(Exercise input begins)

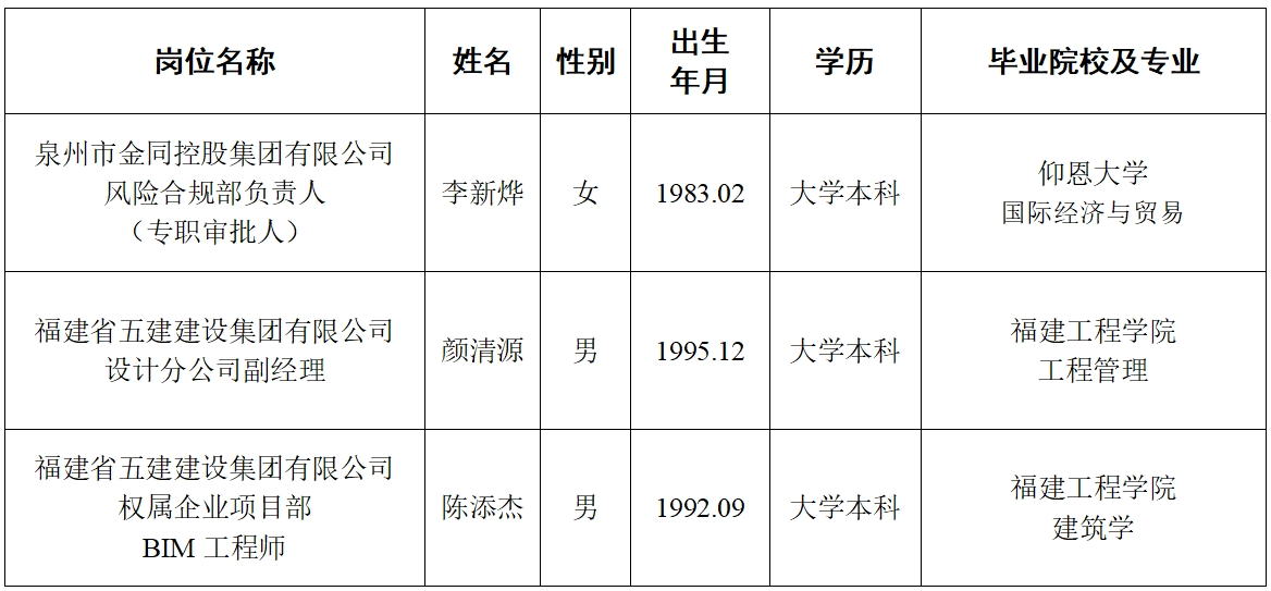 根据泉州发展集团2024年12月4日发布的人才引进招聘公告工作安排,现将部分岗位拟录用人员名单进行公示。公示期间,如对公示对象有异议,请及时向我司反映。拟录用人员名单如下:
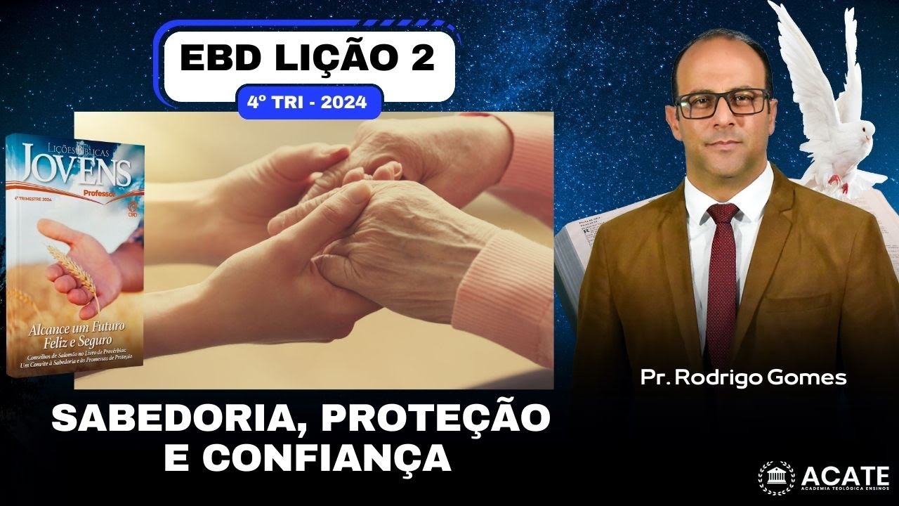 bíblicas de escola dominical gravando o quarto trimestre de 2024 da nossa Revista de jovens currículo dos jovens então estamos estudando sobre alcance um futuro feliz e seguro conselhos de Salomão no livro de provérbios um convite à sabedoria e as promessas de proteção com uma revista escrita pelo pastor Oliveira Estamos estudando essas máximas de vida que o livro de provérbios nos propõe na aula de hoje estudaremos a lição de número dois do dia 13 de outubro de 2024 o título da nossa lição é sabedoria proteção e confiança sabedoria proteção e confiança o texto principal da nossa
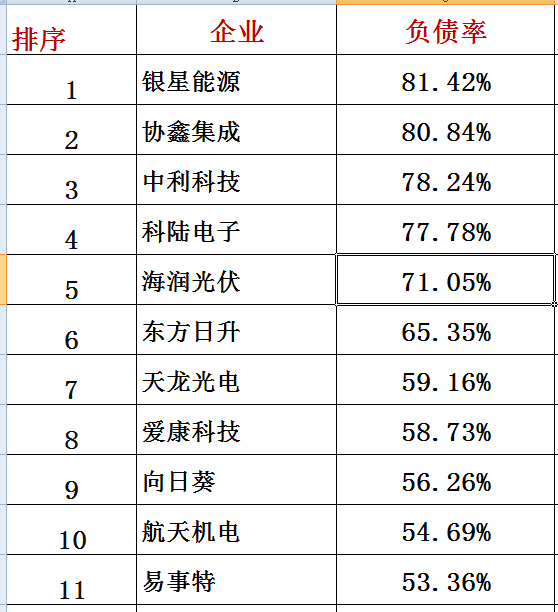 光头君盘点发现,23家企业,负债率处于23%——82%期间,跨度较大。负债率较高的前两位是银星能源的81.42%和协鑫集成的80.84%。科士达的负债率最低,仅为23.2%。
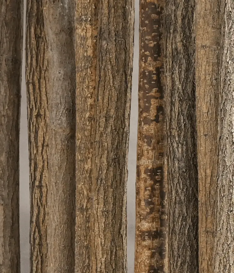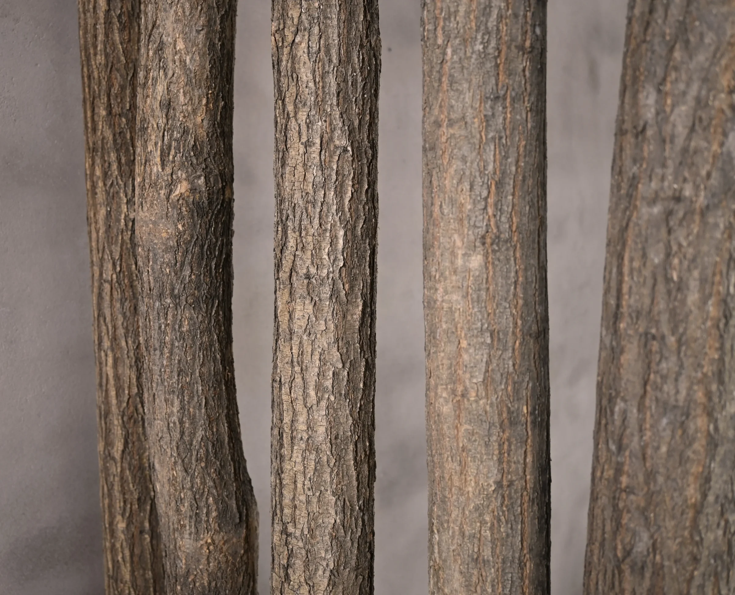 De Elin roomdivider is gemaakt van originele lindenstammen met bast, wat zorgt voor een warme en karaktervolle uitstraling. Elke stam heeft een unieke structuur, waardoor geen enkele roomdivider hetzelfde is. De bast is bewust behouden om het ruige, natuurlijke karakter te benadrukken.
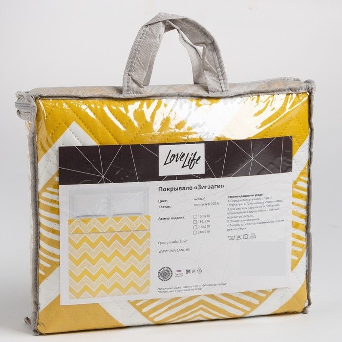 Покрывало LoveLife 2 сп «Зигзаги» цв. желтый, 180*210±5см, микрофайбер, 100% п/э
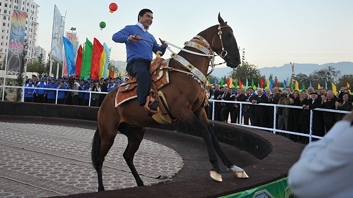 – А вот это – моя гордость, – продолжал Бердымухамедов. – Скачки в апреле 2013 года, где я на своем ахалтекинце Беркараре всех победил и взял главный приз. Ахалтекинцы – это наша гордость. Я так и озаглавил один из своих научных трудов: "Ахалтекинцы – наша гордость и слава". Я ещё написал работы "Стремительная поступь скакуна" и "У коня есть и преданность, и веселье".
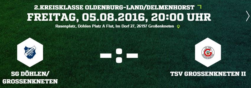 Nach dem Aufstieg der SG Döhlen/Großenkneten in die 2. Kreisklasse spielt nun eben diese "3. Herren" unseres Vereins zusammen mit der 2. Herren, die in dieser Liga in der zurückliegenden Spielzeit ihr bisher bestes Saisonergebnis mit Platz 5 nach 30 Spieltag erreichte. Wie der Zufall (oder der Staffelleiter) es wollte, kommt es gleich am 1. Spieltag zum vereinsinternen Aufeinandertreffen. Heute Abend um 20 Uhr ist Anstoß auf der "Döhler Kampfbahn", wenn SG-Trainergespann Thalheim/Hinze ihre Mannen erstmals gegen die Gronewold-Elf ins Rennen schickt. Dieses Derby hat einiges Interesse im Umfeld geweckt, so wird fupa.net - das Fußballportal der Nordwest Zeitung - mit einem Kamerateam vor Ort sein. Natürlich wird wie immer bei Heimspielen der Spielgemeinschaft auch für das leibliche Wohl der Zuschauer bestens gesorgt sein. Hier geht's zum Facebook-Event!
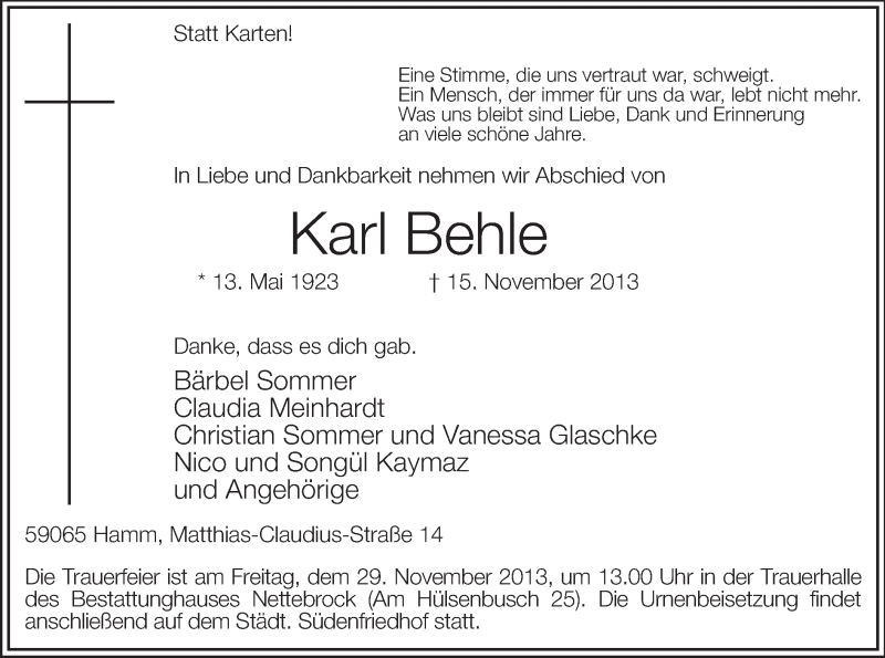 Hier finden Sie alle Traueranzeigen aus der Zeitung, die bisher für Karl Behle erschienen sind. Weitere Traueranzeigen, die in der Zeitung erscheinen, werden hier ebenfalls aufgelistet
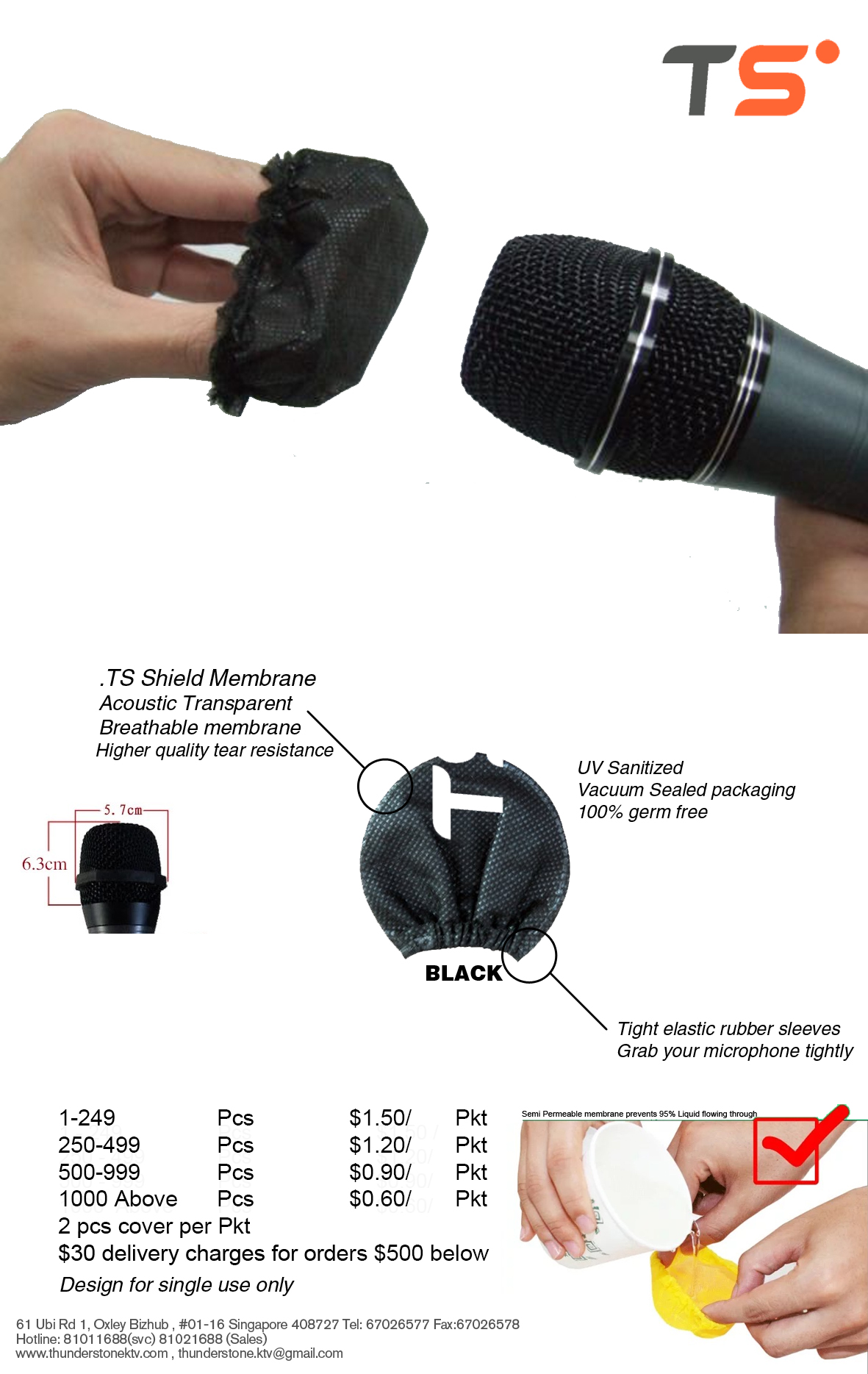 50pcs disposable covers handheld microphone Charcoal Black single use HygenX 100% Biodegradable NatureWeave Fiber, Sanitary,

(Exercise input ends)

Problem statement: Line for line, output the entries above from the line with "De Elin roomdivider" to the line with "Покрывало LoveLife 2", both included, and nothing more. Skip pictures.

Task output:
 De Elin roomdivider is gemaakt van originele lindenstammen met bast, wat zorgt voor een warme en karaktervolle uitstraling. Elke stam heeft een unieke structuur, waardoor geen enkele roomdivider hetzelfde is. De bast is bewust behouden om het ruige, natuurlijke karakter te benadrukken.
 Покрывало LoveLife 2 сп «Зигзаги» цв. желтый, 180*210±5см, микрофайбер, 100% п/э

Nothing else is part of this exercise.